'''

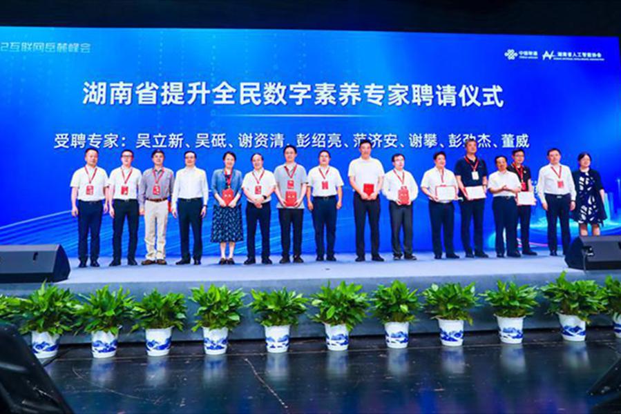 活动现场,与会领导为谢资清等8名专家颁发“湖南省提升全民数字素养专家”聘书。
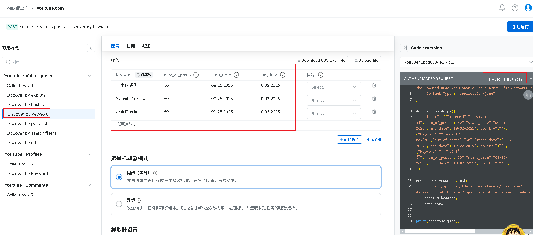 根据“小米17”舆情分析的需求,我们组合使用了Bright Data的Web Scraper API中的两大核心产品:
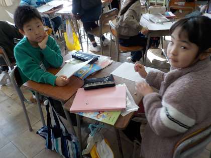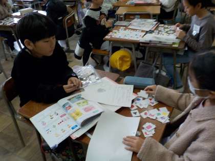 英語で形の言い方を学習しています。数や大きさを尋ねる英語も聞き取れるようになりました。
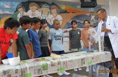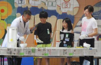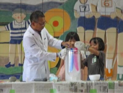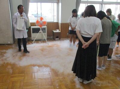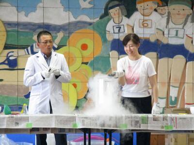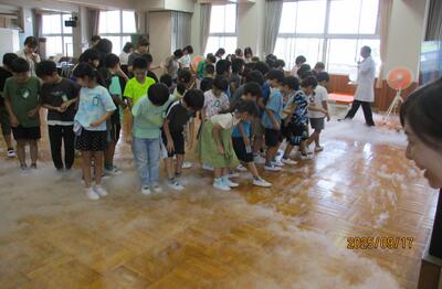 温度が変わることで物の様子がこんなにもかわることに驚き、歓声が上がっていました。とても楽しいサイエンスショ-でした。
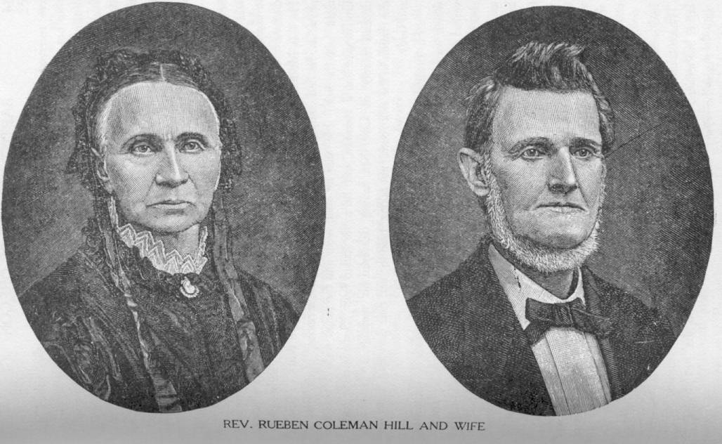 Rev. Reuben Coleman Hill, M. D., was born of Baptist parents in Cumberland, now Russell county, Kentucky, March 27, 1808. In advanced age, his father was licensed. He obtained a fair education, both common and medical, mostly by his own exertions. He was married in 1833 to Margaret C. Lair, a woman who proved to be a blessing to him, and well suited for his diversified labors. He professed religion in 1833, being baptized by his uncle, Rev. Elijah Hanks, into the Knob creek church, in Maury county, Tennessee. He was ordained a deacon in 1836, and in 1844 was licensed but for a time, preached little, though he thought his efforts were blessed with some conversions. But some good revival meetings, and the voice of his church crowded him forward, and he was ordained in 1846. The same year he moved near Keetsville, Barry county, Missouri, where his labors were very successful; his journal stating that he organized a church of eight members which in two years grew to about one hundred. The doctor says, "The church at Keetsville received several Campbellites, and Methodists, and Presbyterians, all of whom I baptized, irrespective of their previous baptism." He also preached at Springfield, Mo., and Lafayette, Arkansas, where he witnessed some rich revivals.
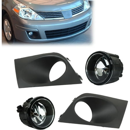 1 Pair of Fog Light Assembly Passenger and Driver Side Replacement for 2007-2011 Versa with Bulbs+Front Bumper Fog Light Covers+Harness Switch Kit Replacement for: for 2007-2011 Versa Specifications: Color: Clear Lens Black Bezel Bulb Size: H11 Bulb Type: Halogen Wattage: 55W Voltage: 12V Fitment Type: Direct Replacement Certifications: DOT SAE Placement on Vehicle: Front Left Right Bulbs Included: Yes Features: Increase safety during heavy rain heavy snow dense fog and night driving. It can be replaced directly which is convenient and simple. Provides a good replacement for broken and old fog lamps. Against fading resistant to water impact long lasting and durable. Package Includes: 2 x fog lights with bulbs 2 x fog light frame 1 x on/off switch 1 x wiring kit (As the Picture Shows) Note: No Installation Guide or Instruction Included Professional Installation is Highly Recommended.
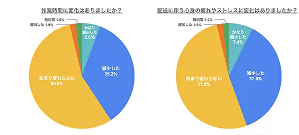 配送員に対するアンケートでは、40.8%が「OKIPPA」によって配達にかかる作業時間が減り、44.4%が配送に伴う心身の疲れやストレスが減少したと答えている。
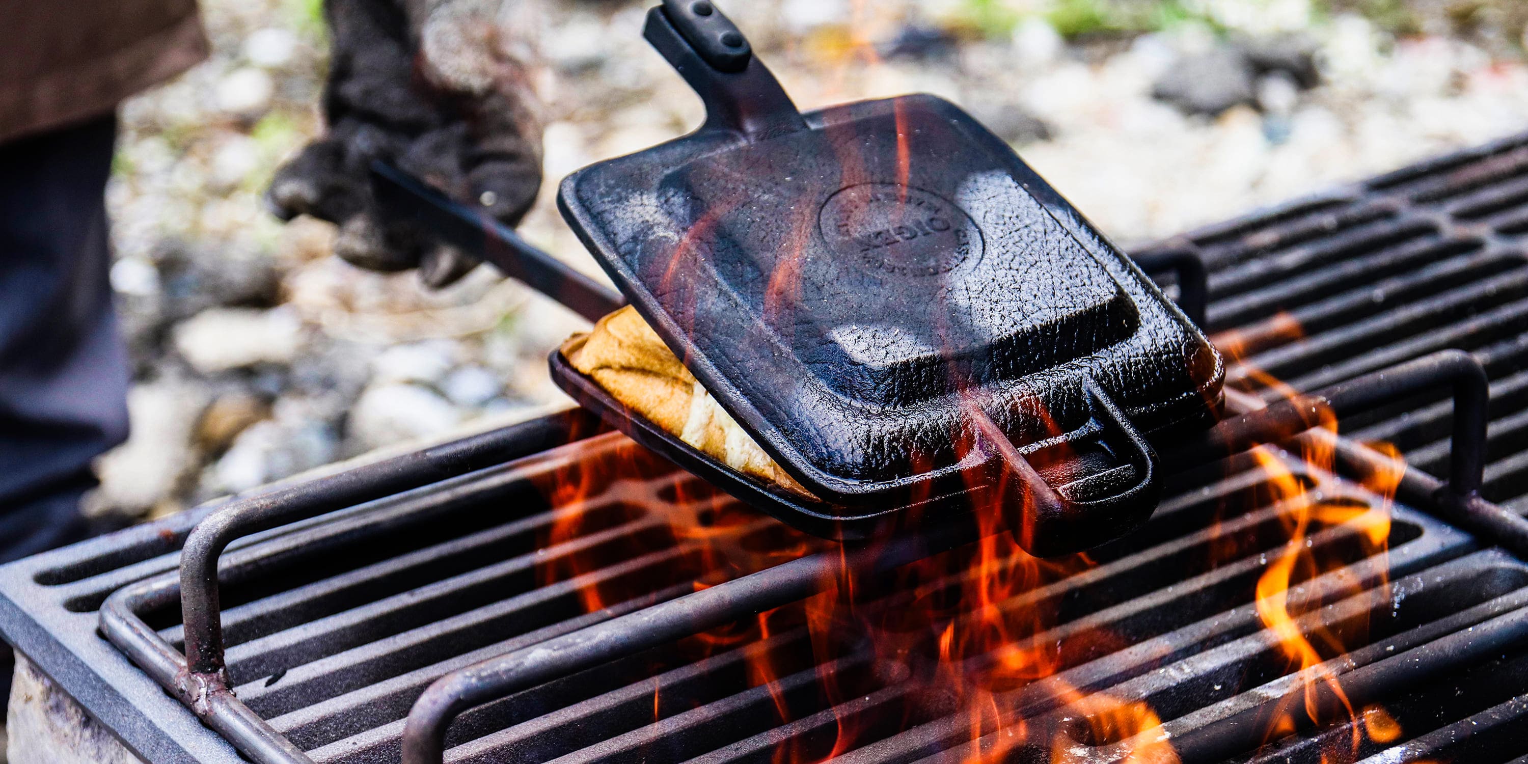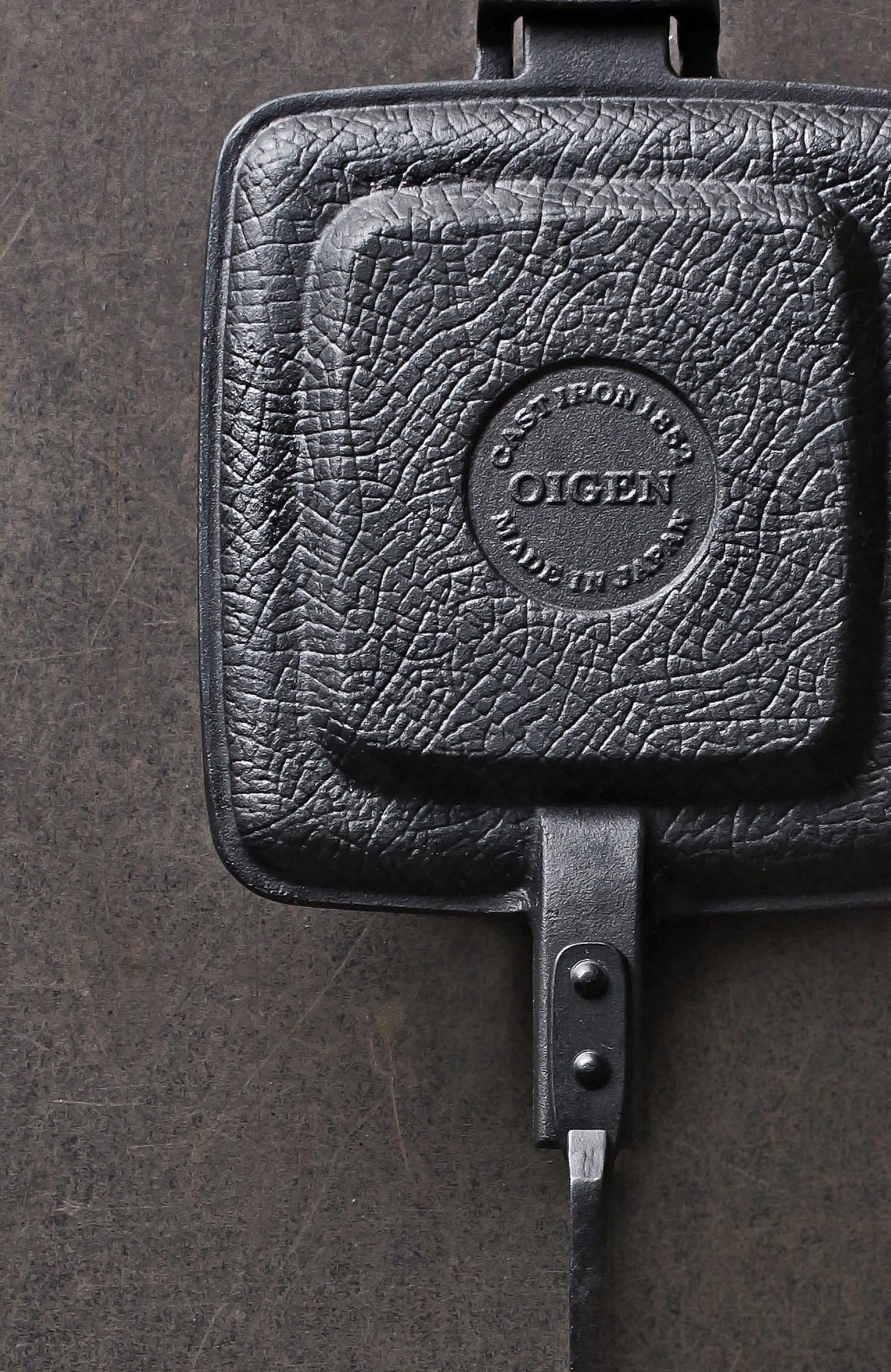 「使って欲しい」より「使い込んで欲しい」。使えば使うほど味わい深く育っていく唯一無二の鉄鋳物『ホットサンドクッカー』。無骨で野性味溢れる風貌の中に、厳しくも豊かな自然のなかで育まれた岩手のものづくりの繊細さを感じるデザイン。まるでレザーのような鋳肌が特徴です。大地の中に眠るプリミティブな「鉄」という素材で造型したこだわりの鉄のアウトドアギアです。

'''
'''

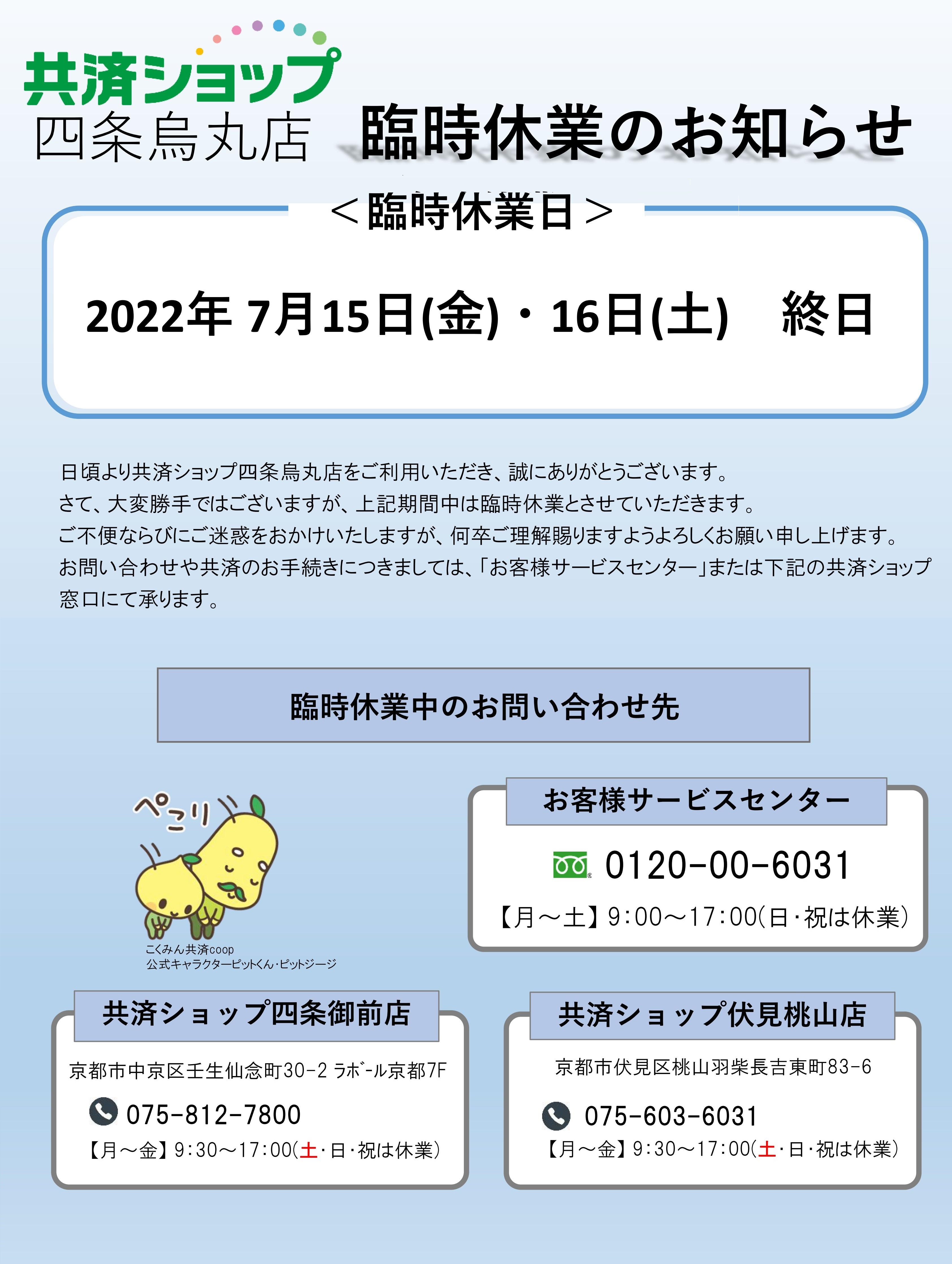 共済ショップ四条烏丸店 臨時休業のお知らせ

'''

§ Work to complete
From the records above, return exactly the lines running from the one that contains "温度が変わることで物の様子が" down to the one that contains "Rev. Reuben Coleman", both included, without any pictures.

§ Solution
 温度が変わることで物の様子がこんなにもかわることに驚き、歓声が上がっていました。とても楽しいサイエンスショ-でした。
 Rev. Reuben Coleman Hill, M. D., was born of Baptist parents in Cumberland, now Russell county, Kentucky, March 27, 1808. In advanced age, his father was licensed. He obtained a fair education, both common and medical, mostly by his own exertions. He was married in 1833 to Margaret C. Lair, a woman who proved to be a blessing to him, and well suited for his diversified labors. He professed religion in 1833, being baptized by his uncle, Rev. Elijah Hanks, into the Knob creek church, in Maury county, Tennessee. He was ordained a deacon in 1836, and in 1844 was licensed but for a time, preached little, though he thought his efforts were blessed with some conversions. But some good revival meetings, and the voice of his church crowded him forward, and he was ordained in 1846. The same year he moved near Keetsville, Barry county, Missouri, where his labors were very successful; his journal stating that he organized a church of eight members which in two years grew to about one hundred. The doctor says, "The church at Keetsville received several Campbellites, and Methodists, and Presbyterians, all of whom I baptized, irrespective of their previous baptism." He also preached at Springfield, Mo., and Lafayette, Arkansas, where he witnessed some rich revivals.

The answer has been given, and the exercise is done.